Além disso, ela destacou que essas alterações podem ter contribuído para a gravidade do surto, mas não são fatores isolados — elementos como condições ambientais, climáticas e a presença do vetor também desempenham papéis relevantes.
Características da Febre do Oropouche
A febre do Oropouche é causada por um vírus transmitido principalmente pelo mosquito Culicoides paraensis, popularmente conhecido como maruim ou mosquito-pólvora, que é comum em todo o Brasil. Após picar um indivíduo ou animal infectado, o vírus permanece no inseto por alguns dias, podendo então infectar uma pessoa saudável.
Bárbara Chaves, pesquisadora do Instituto Todos pela Saúde (ItpS), explica que tanto a dengue quanto a febre do Oropouche são arboviroses, doenças causadas por vírus transmitidos por insetos. “A dengue é amplamente conhecida no Brasil e apresenta alta incidência, favorecida pela abundância do mosquito Aedes aegypti e pelas condições climáticas propícias para sua reprodução”, salientou.

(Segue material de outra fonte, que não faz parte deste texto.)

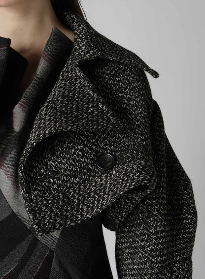 A short jacket with a box motif and expressive tweed material, featured in the Paris Collection. The box motif on the cuffs offers an elegant touch. The tweed combines the drapery of linen, the warmth of wool, and a random mottle feel.

Ela também observou que a febre do Oropouche ganhou maior visibilidade no país a partir de 2024, quando começou a ser notificada em outros estados brasileiros. “Fatores como mudanças no uso da terra, desmatamento e desenvolvimento agrícola podem ter contribuído para a disseminação e o aumento no número de casos”, esclareceu.
Para Bárbara, a redução dos casos de ambas as doenças estará atrelada à melhoria dos diagnósticos e monitoramento. “No caso da dengue, é possível diminuir a incidência por meio do combate ao mosquito transmissor, como a eliminação de criadouros. Estratégias como o método Wolbachia e a vacinação contra o vírus estão sendo adotadas em diversas cidades”, afirmou.
No entanto, para a febre do Oropouche, a tarefa é mais desafiadora, uma vez que o mosquito responsável se reproduz em ambientes naturais, úmidos e ricos em matéria orgânica em decomposição. “Medidas que favoreçam o monitoramento dos vírus e a identificação de diferentes linhagens podem contribuir para um diagnóstico diferencial mais eficaz, especialmente em regiões onde ambos os vírus circulam”, concluiu.